Etiyopya'nın Afar kırsallarında hayat ölülerin arasında sürüyor.
Afar kırsalcıları onlara uyanırlar, onlarla yürürler geçmişe. Onların yanı başında oynar, tartışır ve kamp kurarlar. Onların arasında gezinirler. Bölgede büyük çoğunluğu eski on binlerce tozlu mezar taşı alanı doldurmakta. Görüntü güzel olduğu kadar dokunaklı. Afar’da ölen birinin ardından son nefesini verdiği yere büyük bir taş yerleştirmenin yanı sıra bu alandaki sayısız anıt mezara bir yenisini eklemek de geleneğin bir parçası. Uçsuz bucaksız bu çölün ortasında başka bir yol yok belki de. Ölü bazen bir duvarın, parmaklığın, bazense bir çitin ya da rüzgar tutucunun arkasında olabilir ama hiçbir zaman saklı olmaz. Afar’da yaşayanlar ise günlerini kendi mezarlıklarının arasında dolaşarak geçiriyorlar.
Fotoğraflar: Paul Salopek
Afar’da mezarlar titiz bir şekilde sınıflandırılmış. Aynı köyde yaşayan kabilelerin “qabri” olarak adlandırılan dizili taşları çorak bir ova da ya da tepenin yamacında bir araya toplanmış. 1 ya da 2 metre yüksekliğe kadar ulaşan daha büyük kaideler ise komşu kırsallar ile yapılan sonsuz savaşlar sırasında düşen erkekler anısına yapılmış. “wadlis” ya da “das” olarak adlandırılan bu anıt mezarların oldukça tartışmalı olmasının nedeni ise, Avrupalı kaşiflerin kısa bir süre öncesine kadar Afar’da yaşayanlar için hakaret sayılabilecek bir şekilde bu taş sıralarının bir savaşçının kaç kişiyi öldürdüğünü göstermek amacıyla yapıldığını sanmalarıydı.

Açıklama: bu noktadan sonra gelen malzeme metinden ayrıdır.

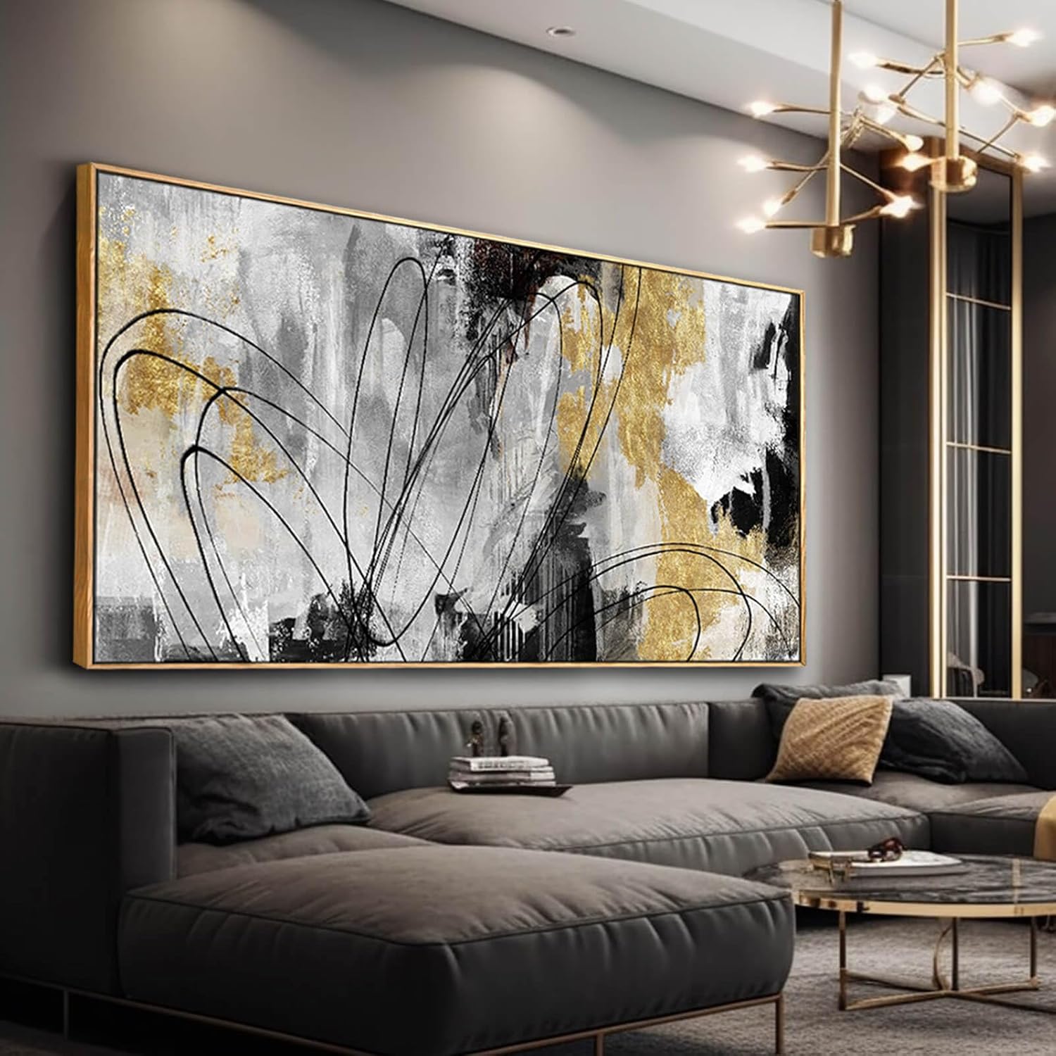Large Canvas Wall Art Gold Abstract Paintings 29x58 Inch Wooden Framed Artwork Black Line Painting for Bedroom Bathroom Home Decor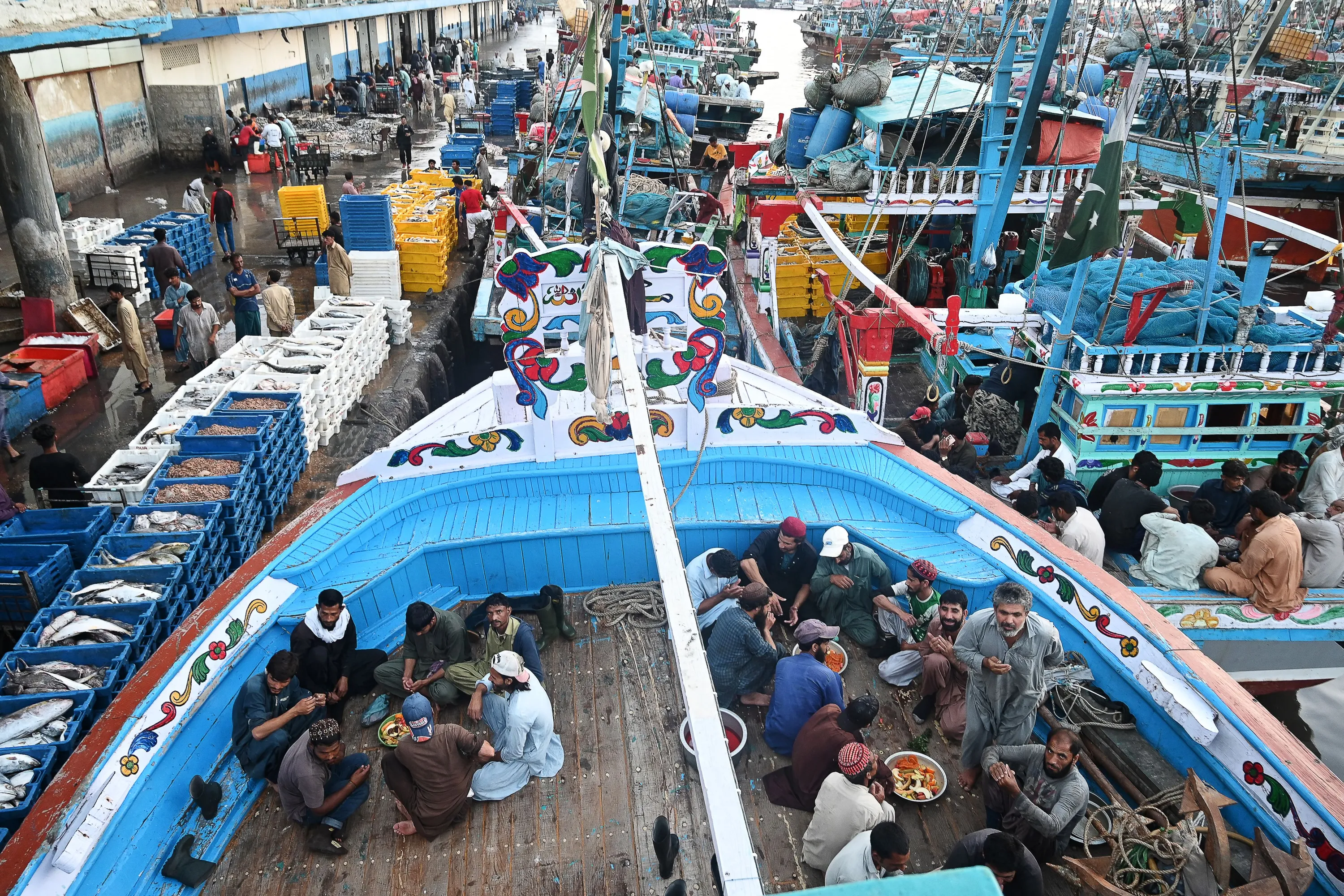 Fishermen break their fast on the decks of fishing boats at a harbor during the Islamic holy month of Ramadan in Karachi on March 20, 2024. (Photo by Rizwan Tabassum/AFP Photo)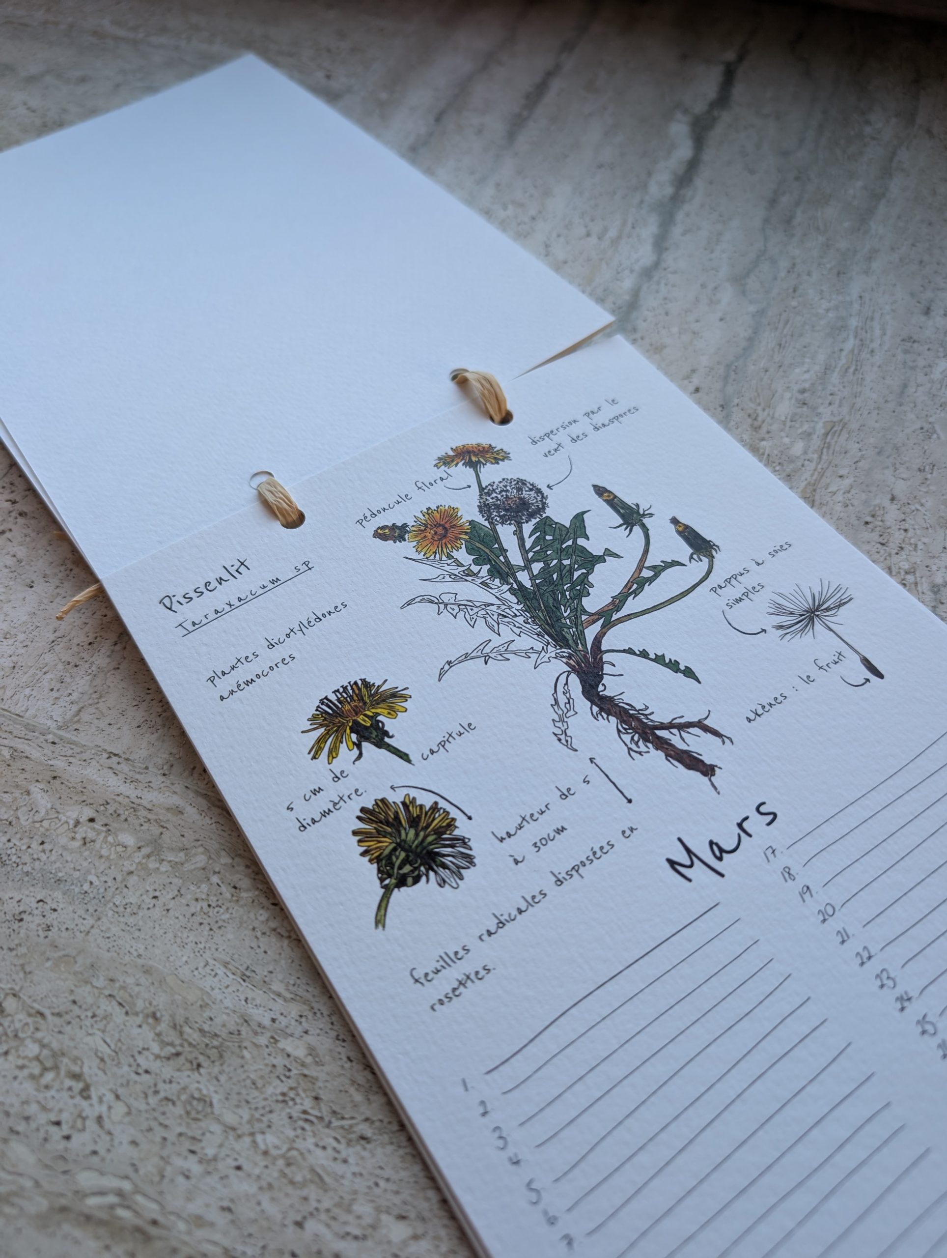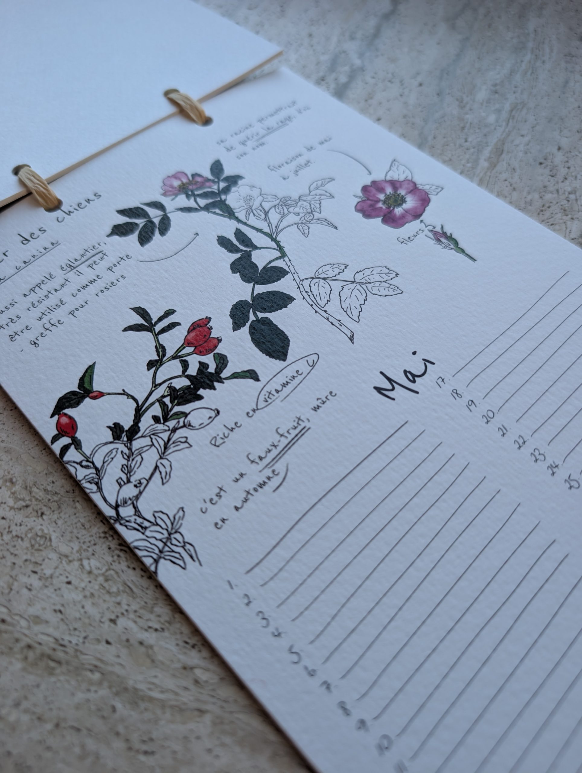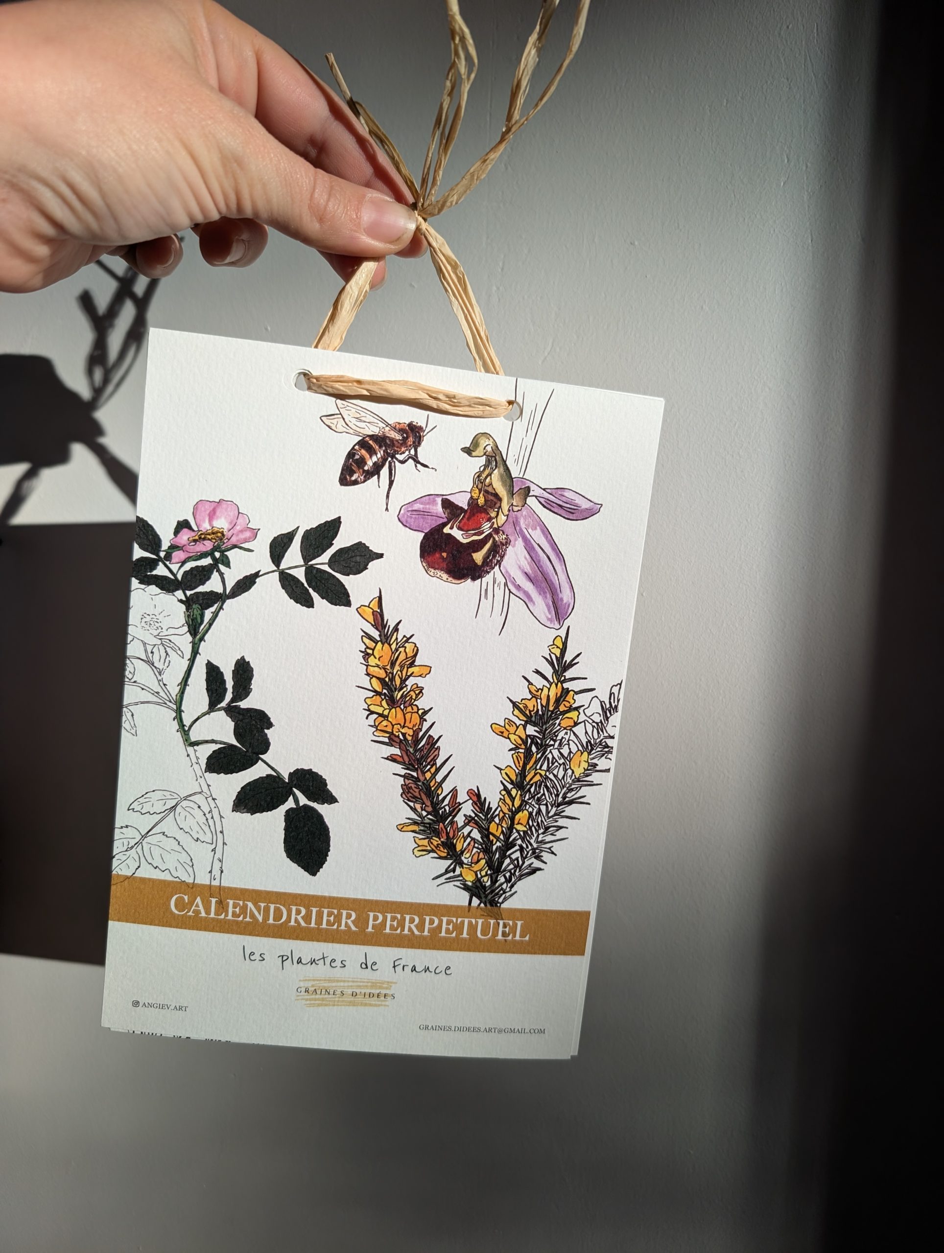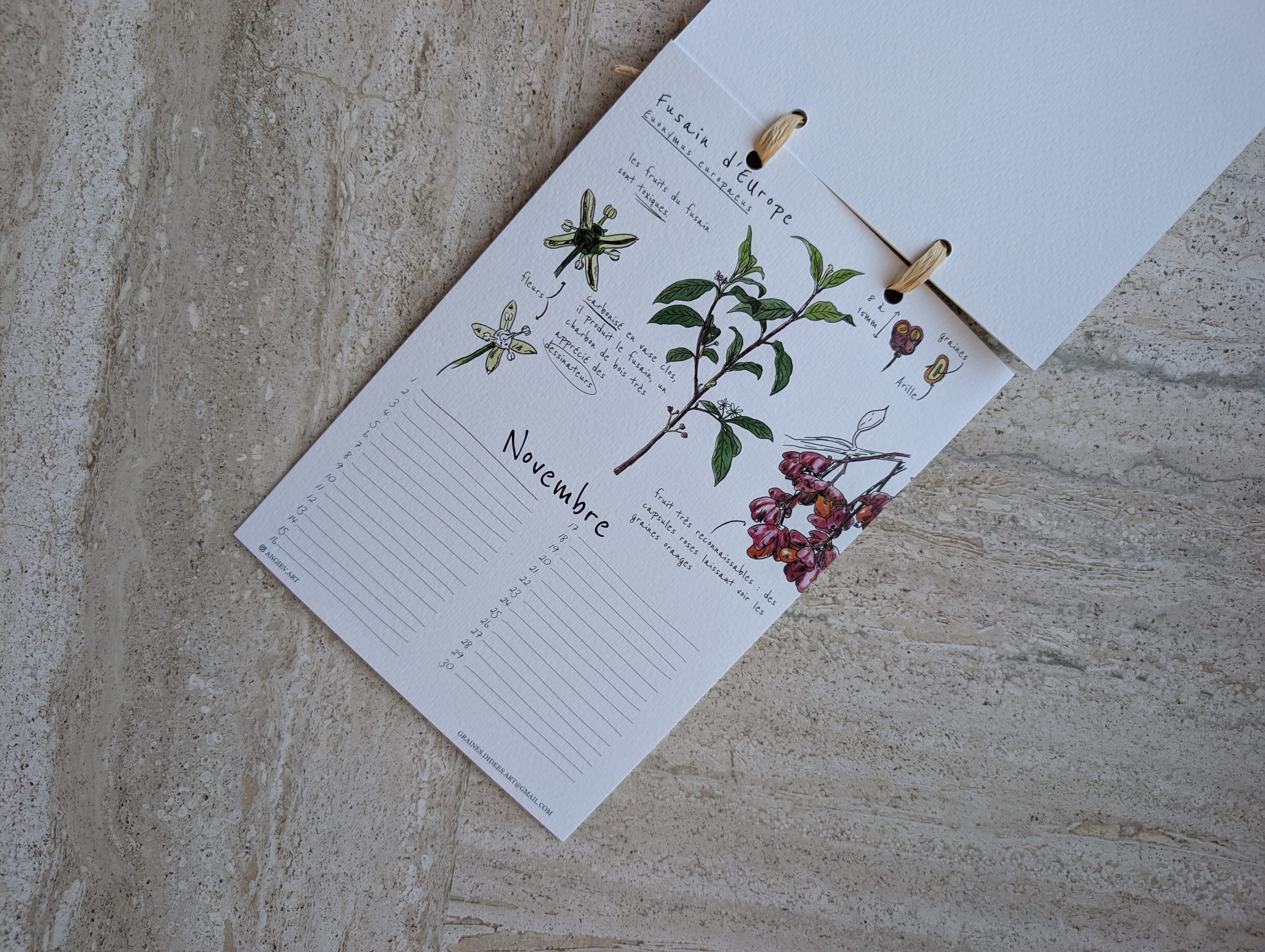 Les calendriers perpétuels sont désignés dans mon atelier, toutes les illustrations sont réalisées à la tablette numérique.

Tıpkı bölgede yaşayanlar gibi ölü kemiklerinin saklandığı bu yerde yürüdüğünüzde, başlarda garip hissetseniz de çok geçmeden bu durum oldukça doğal bir hal alıyor. Dünya üzerinde var olmuş insanların %93’ünün yani yaklaşık 100 milyon kişinin artık yaşamadığını düşünürsek, bu kadar insanın bir yerlerde yatıyor olduğu gerçeğini göz ardı edemeyiz. Bir kısmı Rift Valley’de ayaklar altına dağılmış bir şekilde uzanıyor ve siz onların yolunu izliyorsunuz.